Sequence from bootloader to kernel in c

mihe · Post by **mihe** » Sun Dec 09, 2018 2:47 pm

MichaelPetch wrote:
mihe wrote:By the way, I just tried to change my kmain() to _start() for the sake of testing, and, even though I am not getting any warning while linking, it still creates the final elf file with that enormous offset. Interesting...:
As I alluded to in another post you need to override the default VMA (origin point) that the internal linker script is using. If you are placing your kernel at say physical memory address 0x00008000 (just an example) then you can add this LD option -Ttext=0x00008000. The default your LD is using happens to be the default VMA (0x08048000) Linux happens to use for 32-bit code.

That's brilliant

I did not quite understand it the first time, but it was simpler than I thought.
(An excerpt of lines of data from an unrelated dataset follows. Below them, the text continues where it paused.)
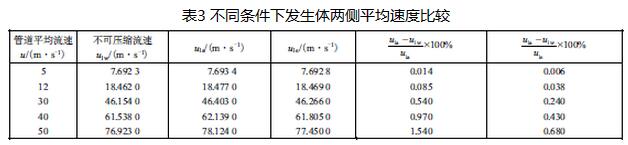 表3的后2列分別表示了空氣、蒸汽由于可壓縮性而引入的計量偏差,由計算數(shù)據(jù)可以得出,相同管道平均流速u的條件下,可壓縮介質(zhì)發(fā)生體兩側(cè)的流速均比不可壓縮流體的流速u1大,并且隨u的增大,引起的差值增大,u1的相對偏差也越來越大,在流速為50m/s時空氣由于可壓縮性可引起1.54%的偏差,蒸汽由于可壓縮性可引起0.68%的偏差,因此在渦街流量計的使用中需要考慮可壓縮介質(zhì)引起的影響。
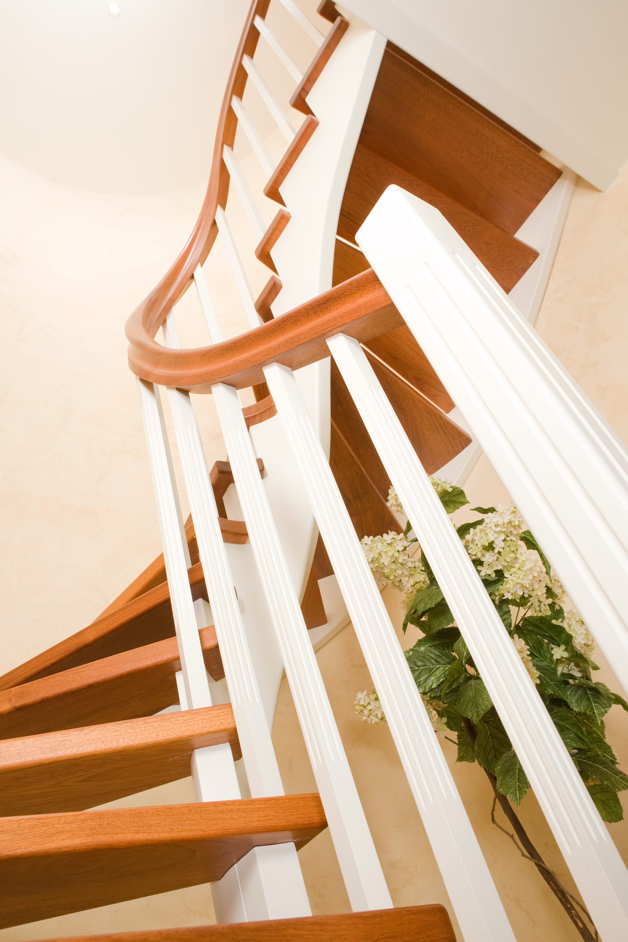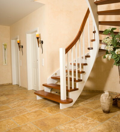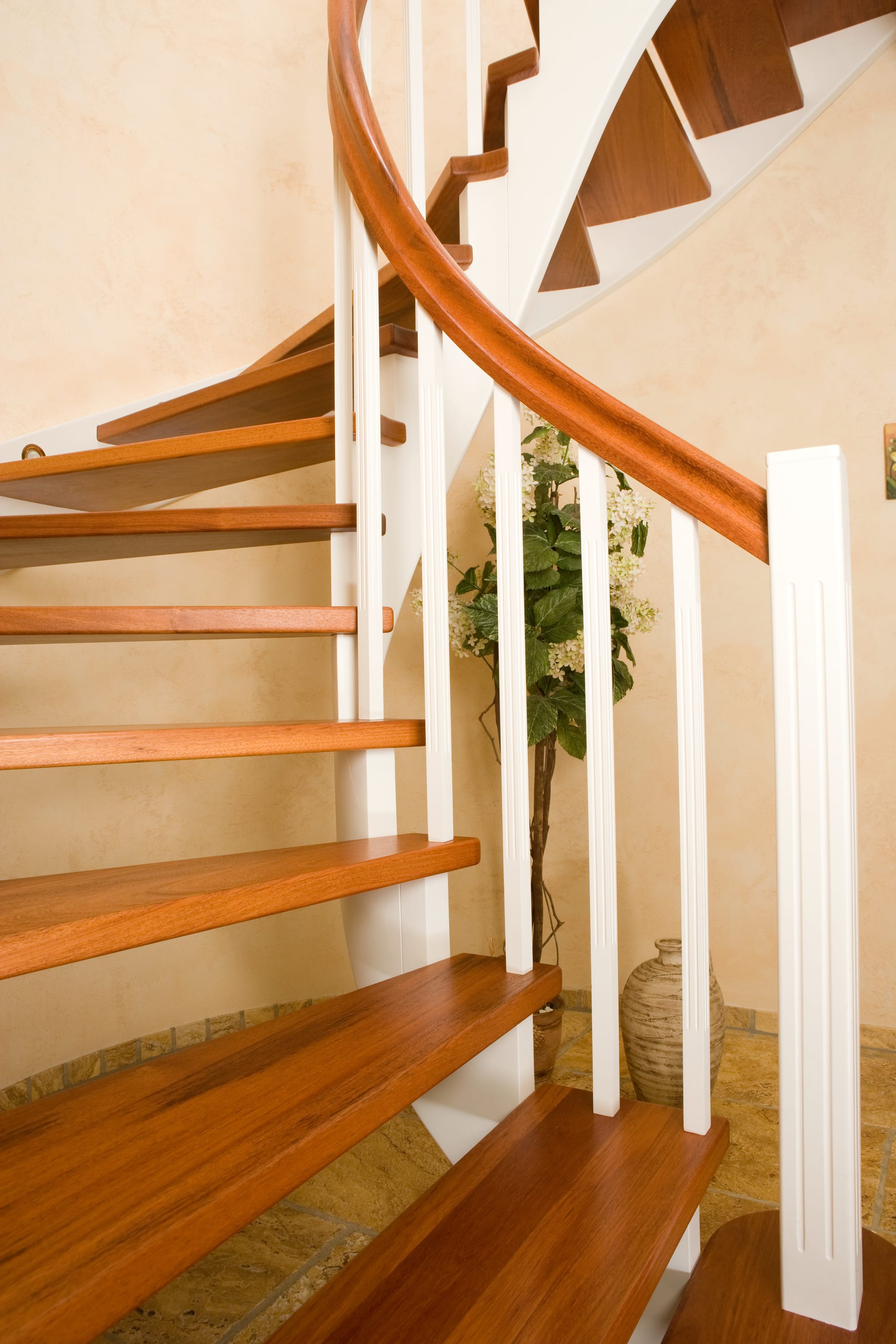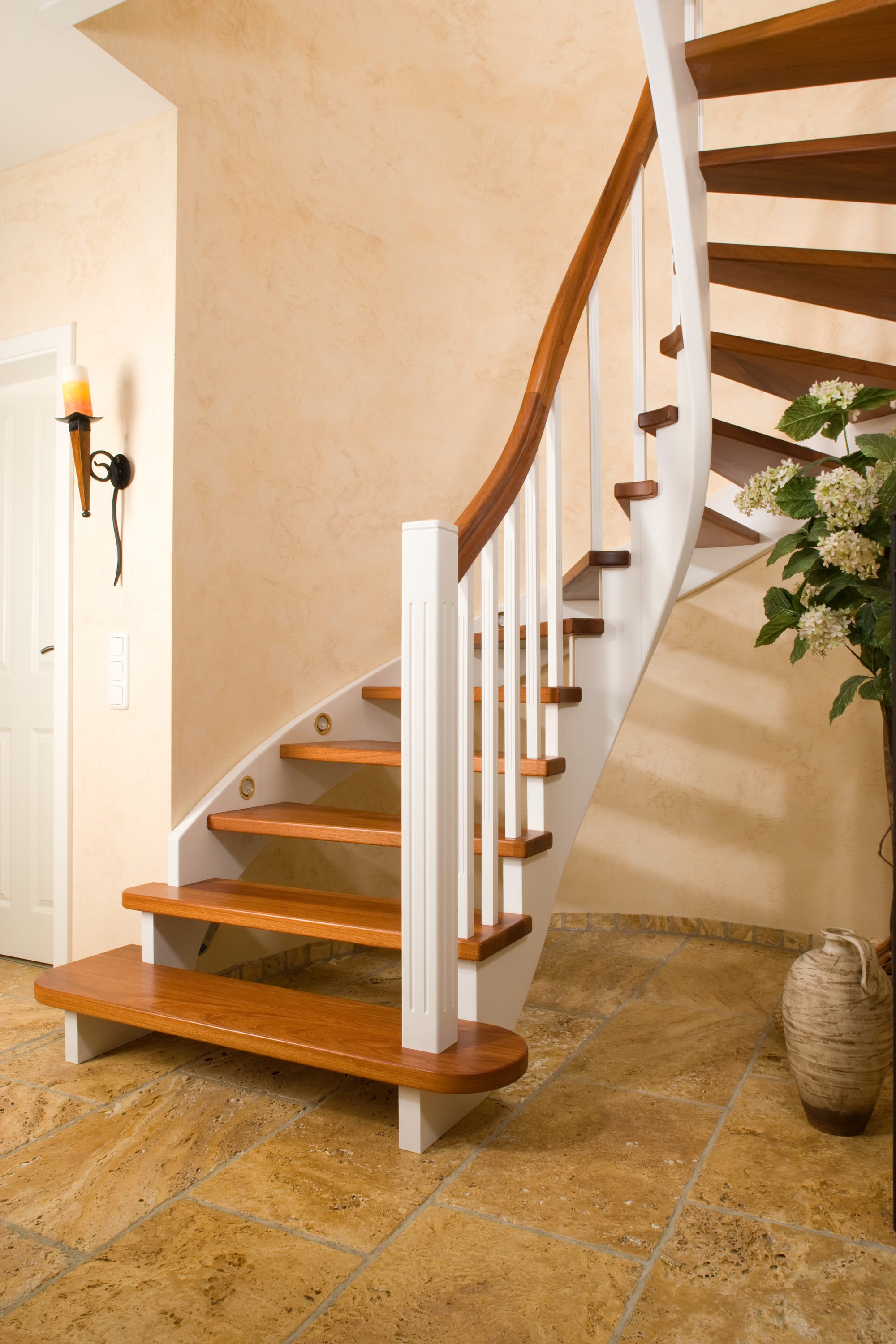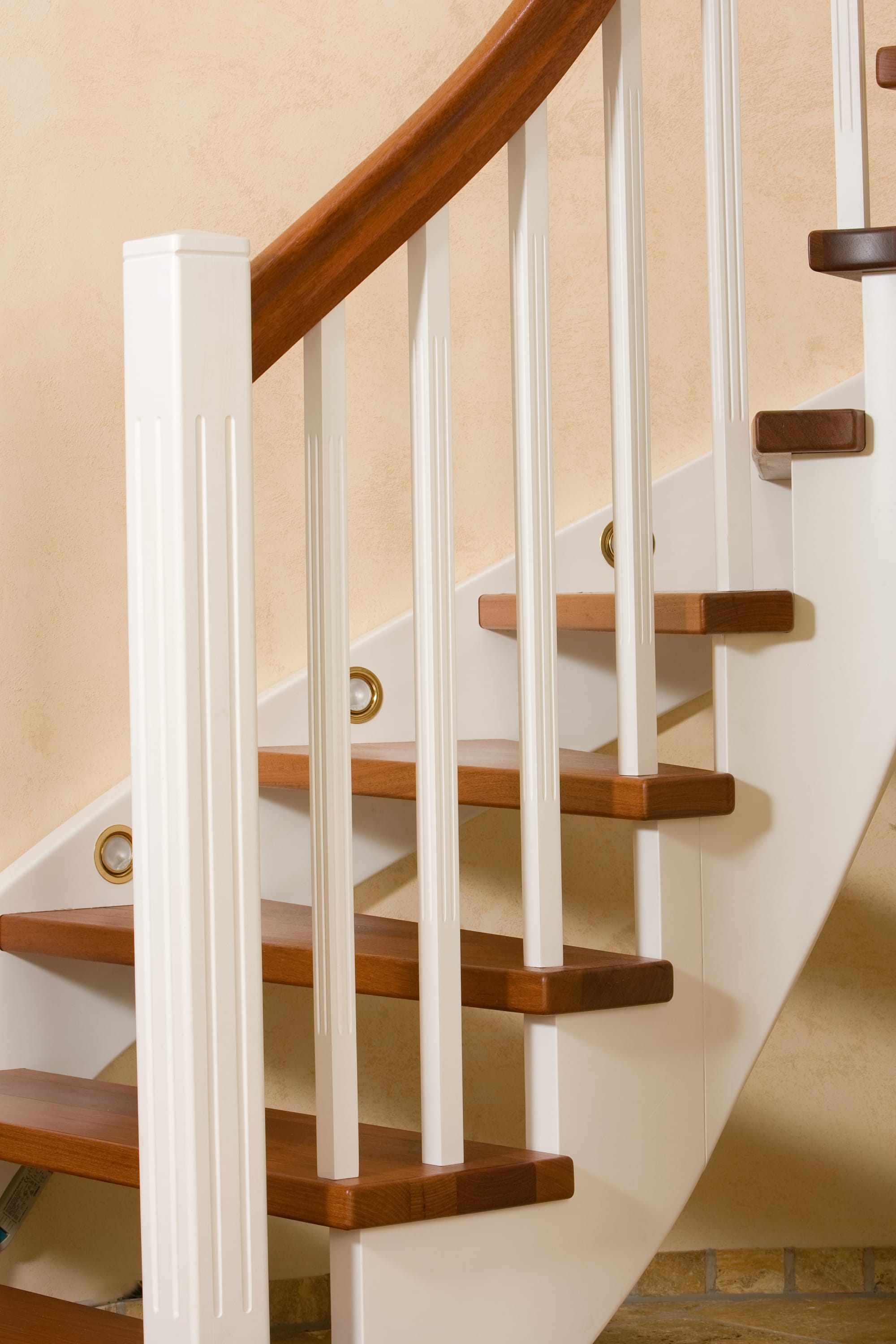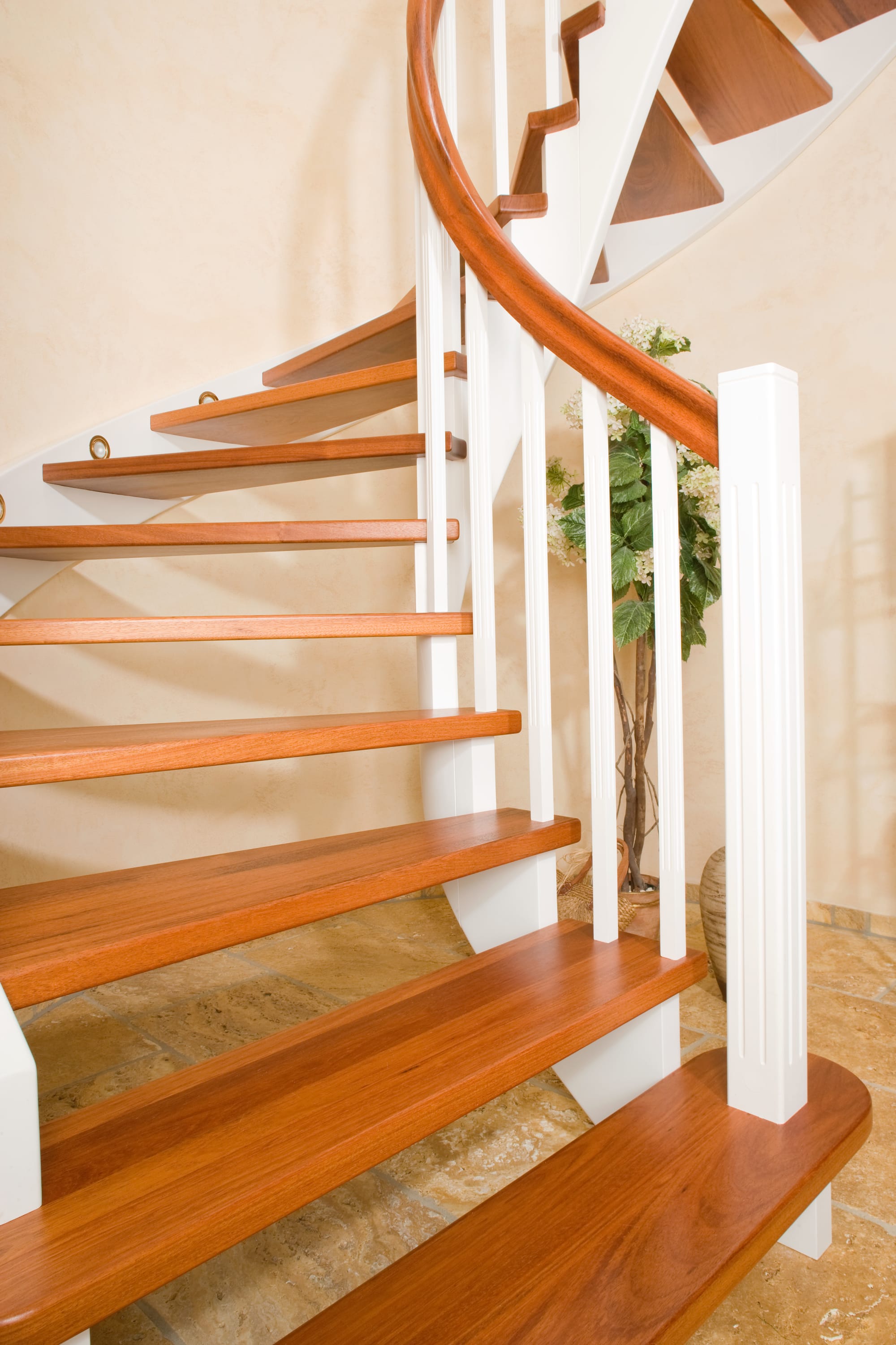 Wangentreppe wandseitig an einen runden Treppenschacht angepasst; freiseitig aufgesattelt mit schwungvollem Innengeländer; Holzart Merbau
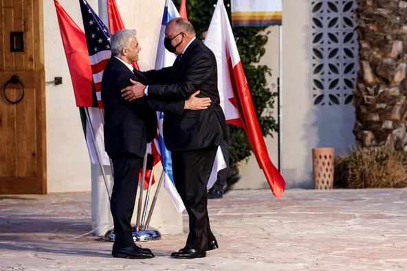 استقبل ناشطون الصور الملتقطة الأحد 27 مارس، والتي أظهرت الأحضان والشوق المتبادل بين وزير خارجيتي الانقلاب والاحتلال بالغضب، بعد أن تفاجأ المسلمون والعرب بقمة تضم وزراء الخارجية العرب المطبعين مع الاحتلال ومنهم وزير خارجية الانقلاب سامح شكري عُقدت في النقب، وهو المكان نفسه الذي شهد آخر عملية استشهادية قُتل فيها 4 مستوطنين، وتزامنت قمة المطبعين مع إعلان حكومة الاحتلال عن إقرار إقامة 5 مستوطنات يهودية جديدة في النقب، هو ما سخر منه الناشطون واعتبروه مكافأة للمطبعين ، والذين سبق أن أعلنوا أن تطبيعهم مقابل وقف المستوطنات.
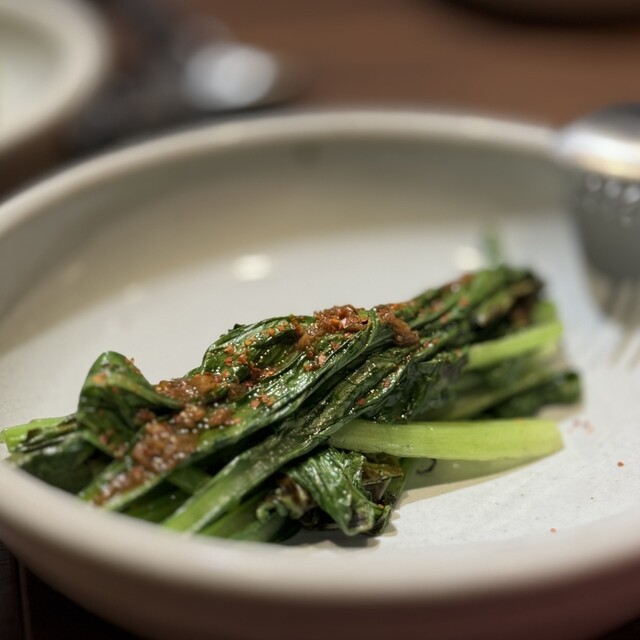 ◆鎌倉野菜 小松菜の薪火焼き 一味唐辛子を乗せて
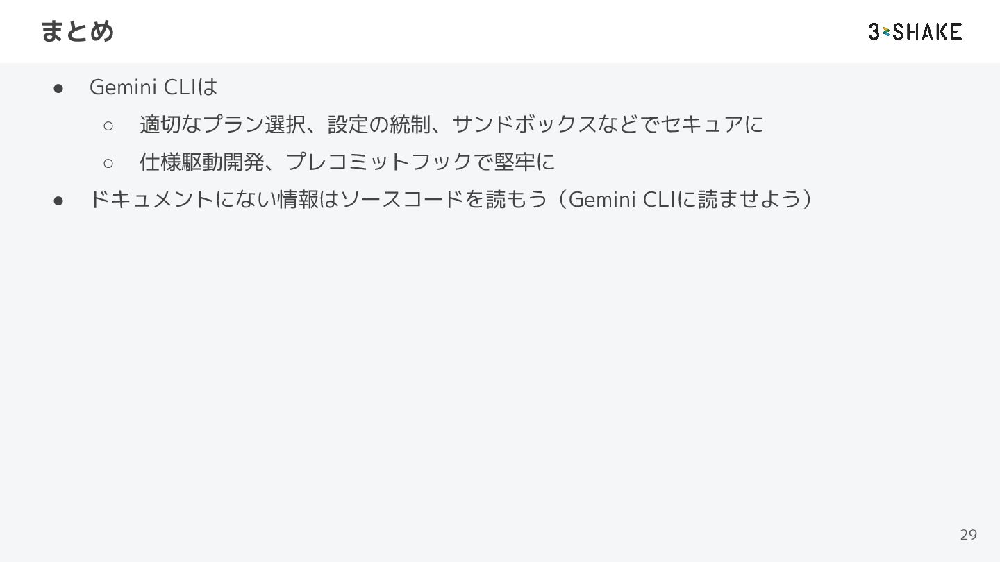 まとめ • Gemini CLIは ◦ 適切なプラン選択、設定の統制、サンドボックスなどでセキュアに ◦ 仕様駆動開発、プレコミットフックで堅牢に • ドキュメントにない情報はソースコードを読もう(Gemini
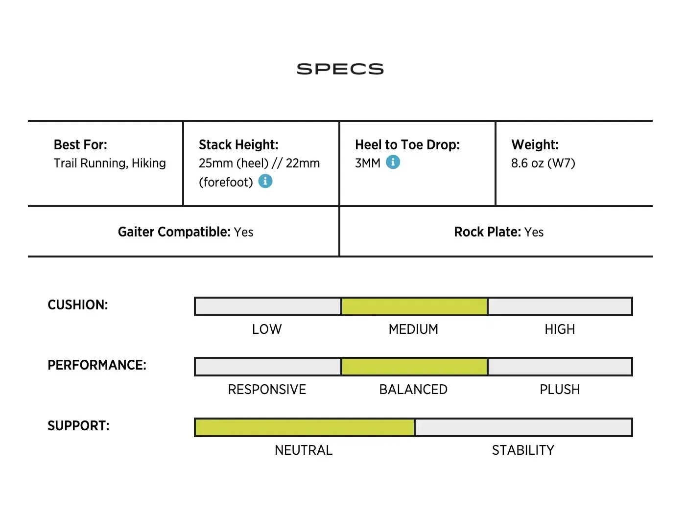 široká prostorná špička pro prsty, odolný tkaný svršek, mezipodešev z paměťové pěny ZipFoam™, ochranný plát Rock Plate, přilnavá podešev s Vibram® Megagrip, stélka OrthoLite®, možnost uchycení návleků
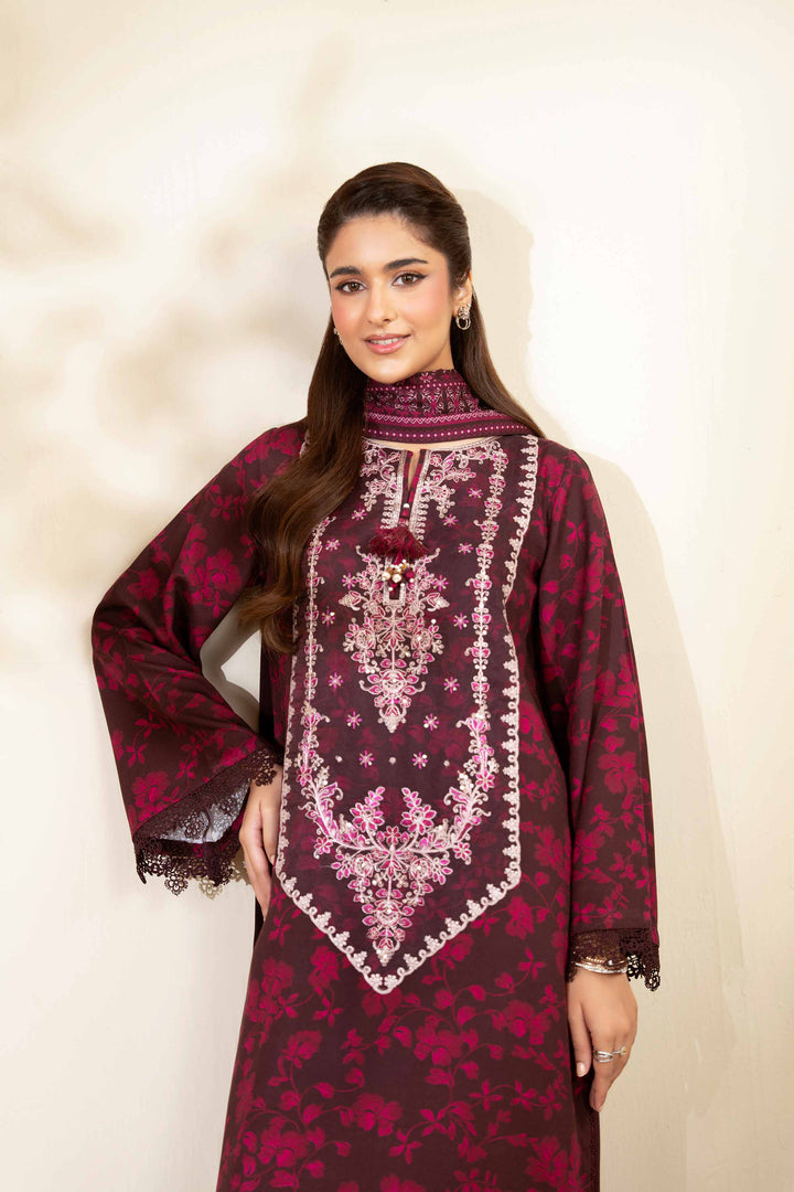 For the love of culture and comfort with this printed embroidered three-piece from the latest unstitched Winter Collection.
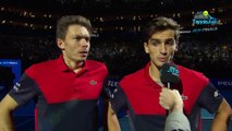 Nicolas Mahut et Pierre-Hugues Herbert sont intouchables à Londres. Après avoir réussi un joli 3/3 en poule, la paire Tricolore a confirmé ce samedi en demi-finale en venant à bout du duo Lucas Kubot / Marcelo Melo, tête de série numéro 2. Un succès 6-3, 7-6(4) et les voilà en finale sans avoir perdu le moindre set dans ce Masters. Après un sacre à Paris-Bercy, les deux hommes ont l'occasion de remporter leur premier titre à Londres. Finalistes malheureux l'an passé, ils vont tenter de conjurer le mauvais sort. Ce sera face à une paire de l'hémisphère sud: Michael Venus (Nouvelle-Zélande) et Raven Klaasen (Afrique du Sud).

Now I can set the ELF VMA on any value

mihe · Post by **mihe** » Fri Dec 21, 2018 3:22 pm

Quick update to thank you again for your help and guidance, I finally managed to complete my goal! I did it overly complicated so I could learn in the process. In the end I am doing the following:

- Concatenating the full ELF file after the bootloader
- Load a bunch of sectors straight from floppy from sector 2 (1st is the stage1 loader)
- Comb the memory until the magic signature of the elf is found, and save the location
- Parse the ELF's program headers and store the segments marked as LOAD into an array, in a primitive heap
- Iterate the array and transfer one by one the segments to my desired kernel location 0x10000 (for the time being)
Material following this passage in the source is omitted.